> _DATASET EXTRACT_
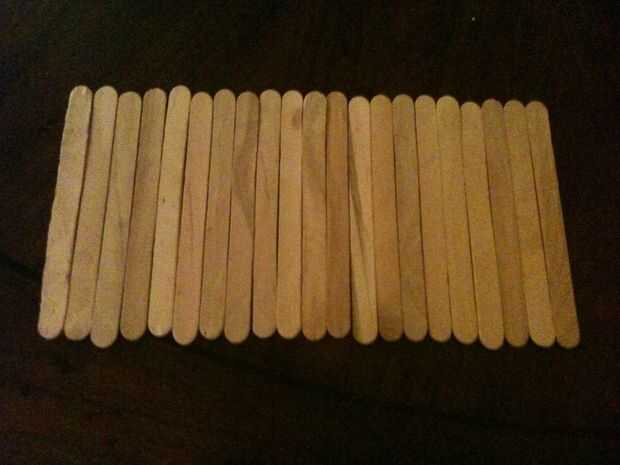 esto es fácil de construir y sólo utiliza 5 palitos. Explota cuando golpea el suelo. Un popsicle stick mi descanso pero generalmente no sucede.Paso 1: Esta es la parte fácil Solo mira la imagen.Paso 2: Esto es cuando se pone duro Asegúrese de constan
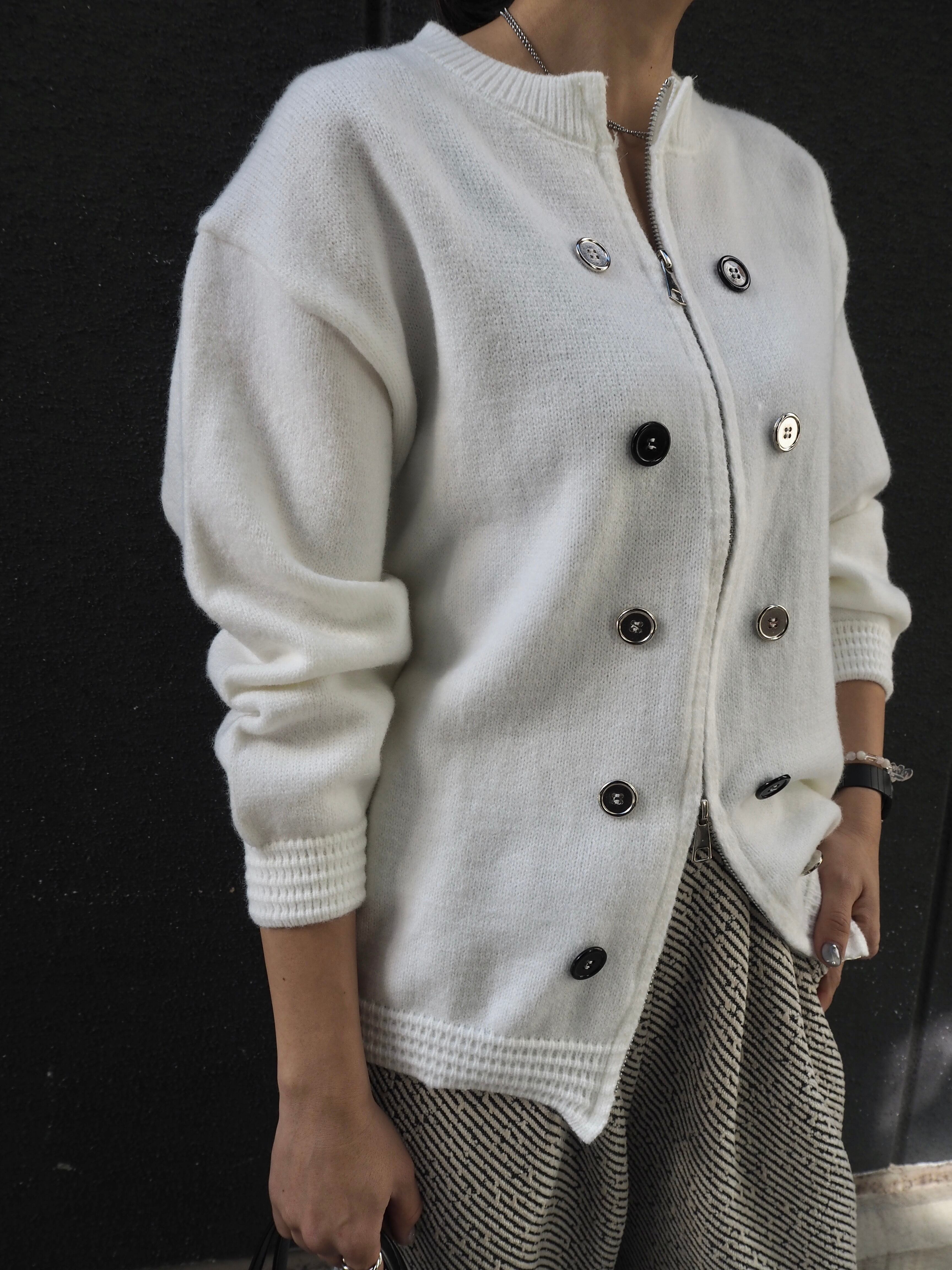 button design zip up knit jacket cardigan ニット ジップアップ ジャケット カーディガン ボタン
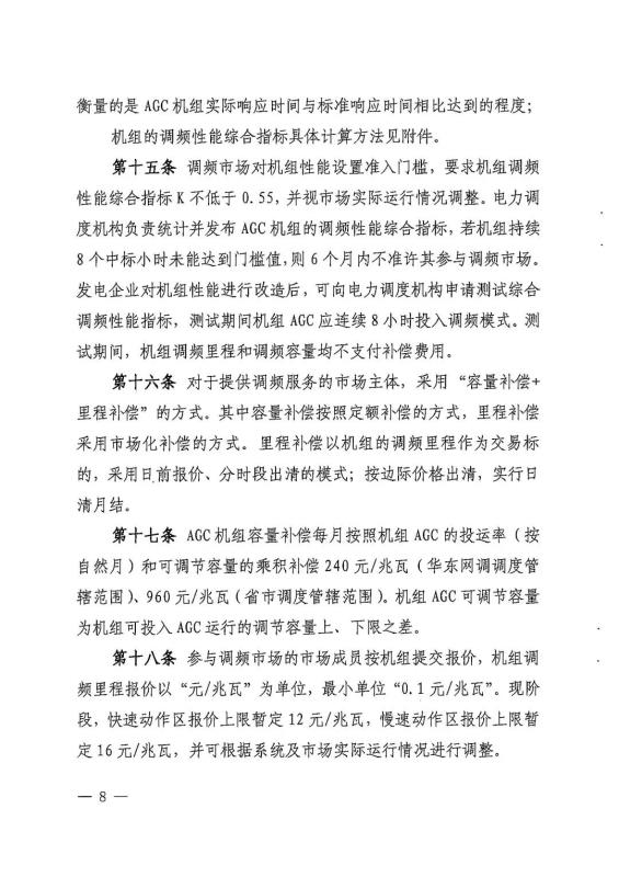 在2019年版文件要求綜合調(diào)頻性能指標(biāo)不低于0.53,參與調(diào)頻市場(chǎng)的報(bào)價(jià)上限12元/MW。此次文件對(duì)調(diào)頻性能指標(biāo)與報(bào)價(jià)上線(xiàn)都有提升。
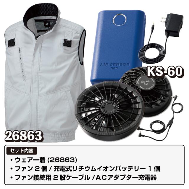 価格重視!! 軽量で一日使えるスペック 26863 KS-60 クロダルマ 空調作業服 フルセット ハーネス対応ベスト 涼しい 熱中症対策 工事現場 建設業 農作業 屋外作業 工場
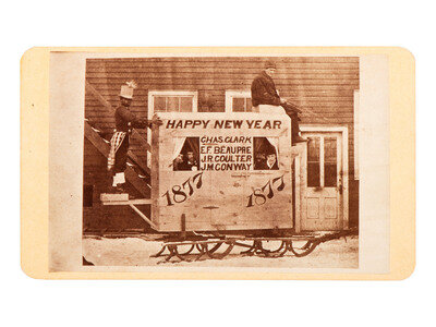 CDV on cardstock mount providing outdoor view of a carriage with "Happy New Year / 1877" painted on the side in addition to the names "Chas. Clark, E.F. Beaupre, J.R. Coulter, and J.M. Conway." A Caucasian coachman is seated at the front with reins in hand, while a young African American male subject, possibly a footman, stands at the back of the carriage. Uncredited (toning, overall very good condition).
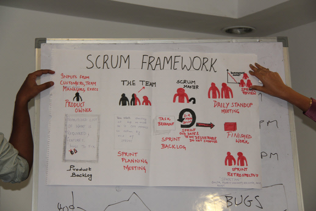 The post-sprint Review meetings were fun with the teams presenting some different results in their work. The Product Owner was hard to please, but we think under that tough skin, he was generally pleased with the work. The same can’t be said about the process. In the end, he chose his favourite diagram to hang on his boardroom wall.
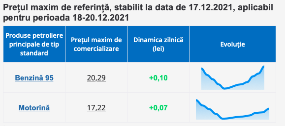 Astfel, pentru perioada 17-20 decembrie, Agenția indică un preț plafon pentru benzină care crește cu tocmai 10 bani și atinge pragul de 20.29 lei! În același timp, motorina adaugă la preț 7 bani și se va vinde la stațiile de alimentare cu 17.22 lei.
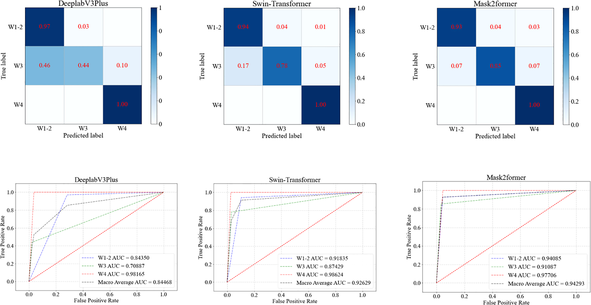 In the task of grading DFU, the Mask2Former model demonstrated the best overall performance (Table 4, Figure 5). The Mask2Former model exhibited high precision and specificity across all grade classification tasks and achieved the best results in overall accuracy (ACC) and AUC, with ACC at 0.9185 and AUC at 0.9429. The DeeplabV3Plus model achieved corresponding values of 0.8148 and 0.8447, while the Swin-Transformer model had an ACC of 0.9037 and an AUC of 0.9263. These results highlight the superior performance of the Mask2Former model in the grading diagnosis of DFU.
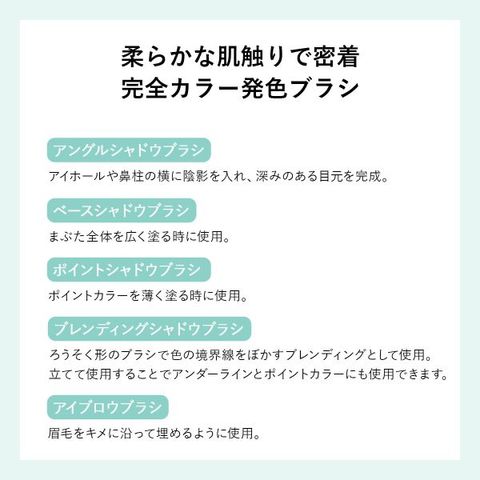 ・ブレンディングシャドウブラシ:境界線をぼかすブレンディングに使用。また立てて使用することでアンダーラインとポイントカラーにも使用できます。
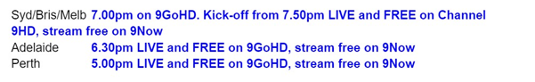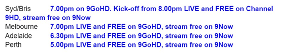 Nine’s coverage from Commbank Stadium will be led by Danika Mason, with expert commentary from Phil Gould, Johnathan Thurston, Billy Slater and Andrew Johns. Peter Psaltis will call the game, with Paul Gallen and Emma Lawrence providing sideline updates.
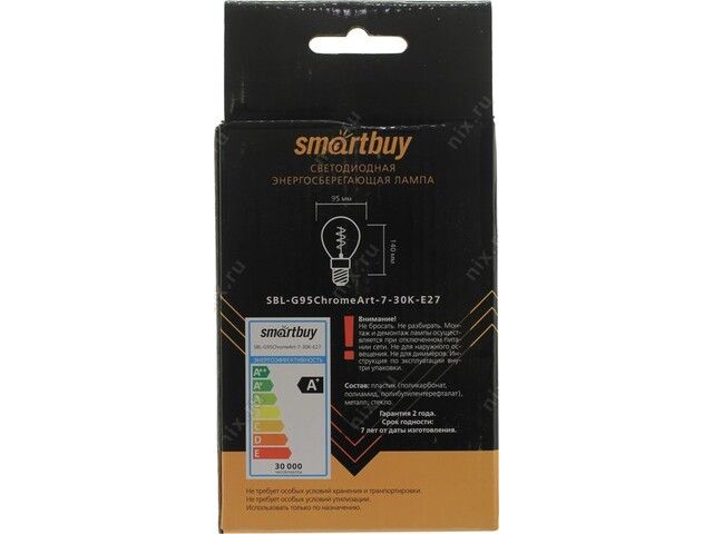 Smartbuy SBL-G95ChromeArt-7-30K-E27 (E27, 420 люмен, 3000К, 7Вт, 220-240В)
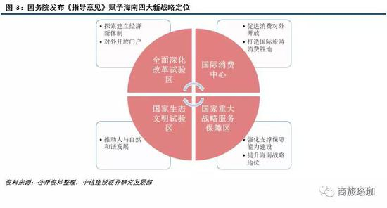 离岛免税政策从目的上是为加快推进海南国际旅游岛的建设发展,是完善海南国际旅游岛业态的一环。2018年4月,国务院重磅发布了《关于支持海南全面深化改革开放的指导意见》,提出了要建设贸易自由试验区、实行自由贸易港政策的全面开放新格局,赋予海南新的战略定位,对贸易、基建、交运、生态、旅游等多个板块构成直接利好。随着政策红利释放,海南省的“旅游”属性将不断强化,叠加投融资促进行业快速成长,未来海南各旅游产业具有广阔发展空间。

> _WHAT YOU HAVE TO DO_
The entries are to be copied exactly, and each image is to be omitted.

> _ANSWER AREA_
 esto es fácil de construir y sólo utiliza 5 palitos. Explota cuando golpea el suelo. Un popsicle stick mi descanso pero generalmente no sucede.Paso 1: Esta es la parte fácil Solo mira la imagen.Paso 2: Esto es cuando se pone duro Asegúrese de constan
 button design zip up knit jacket cardigan ニット ジップアップ ジャケット カーディガン ボタン
 在2019年版文件要求綜合調(diào)頻性能指標(biāo)不低于0.53,參與調(diào)頻市場(chǎng)的報(bào)價(jià)上限12元/MW。此次文件對(duì)調(diào)頻性能指標(biāo)與報(bào)價(jià)上線(xiàn)都有提升。
 価格重視!! 軽量で一日使えるスペック 26863 KS-60 クロダルマ 空調作業服 フルセット ハーネス対応ベスト 涼しい 熱中症対策 工事現場 建設業 農作業 屋外作業 工場
 CDV on cardstock mount providing outdoor view of a carriage with "Happy New Year / 1877" painted on the side in addition to the names "Chas. Clark, E.F. Beaupre, J.R. Coulter, and J.M. Conway." A Caucasian coachman is seated at the front with reins in hand, while a young African American male subject, possibly a footman, stands at the back of the carriage. Uncredited (toning, overall very good condition).
 The post-sprint Review meetings were fun with the teams presenting some different results in their work. The Product Owner was hard to please, but we think under that tough skin, he was generally pleased with the work. The same can’t be said about the process. In the end, he chose his favourite diagram to hang on his boardroom wall.
 Astfel, pentru perioada 17-20 decembrie, Agenția indică un preț plafon pentru benzină care crește cu tocmai 10 bani și atinge pragul de 20.29 lei! În același timp, motorina adaugă la preț 7 bani și se va vinde la stațiile de alimentare cu 17.22 lei.
 In the task of grading DFU, the Mask2Former model demonstrated the best overall performance (Table 4, Figure 5). The Mask2Former model exhibited high precision and specificity across all grade classification tasks and achieved the best results in overall accuracy (ACC) and AUC, with ACC at 0.9185 and AUC at 0.9429. The DeeplabV3Plus model achieved corresponding values of 0.8148 and 0.8447, while the Swin-Transformer model had an ACC of 0.9037 and an AUC of 0.9263. These results highlight the superior performance of the Mask2Former model in the grading diagnosis of DFU.
 ・ブレンディングシャドウブラシ:境界線をぼかすブレンディングに使用。また立てて使用することでアンダーラインとポイントカラーにも使用できます。
 Nine’s coverage from Commbank Stadium will be led by Danika Mason, with expert commentary from Phil Gould, Johnathan Thurston, Billy Slater and Andrew Johns. Peter Psaltis will call the game, with Paul Gallen and Emma Lawrence providing sideline updates.
 Smartbuy SBL-G95ChromeArt-7-30K-E27 (E27, 420 люмен, 3000К, 7Вт, 220-240В)
 离岛免税政策从目的上是为加快推进海南国际旅游岛的建设发展,是完善海南国际旅游岛业态的一环。2018年4月,国务院重磅发布了《关于支持海南全面深化改革开放的指导意见》,提出了要建设贸易自由试验区、实行自由贸易港政策的全面开放新格局,赋予海南新的战略定位,对贸易、基建、交运、生态、旅游等多个板块构成直接利好。随着政策红利释放,海南省的“旅游”属性将不断强化,叠加投融资促进行业快速成长,未来海南各旅游产业具有广阔发展空间。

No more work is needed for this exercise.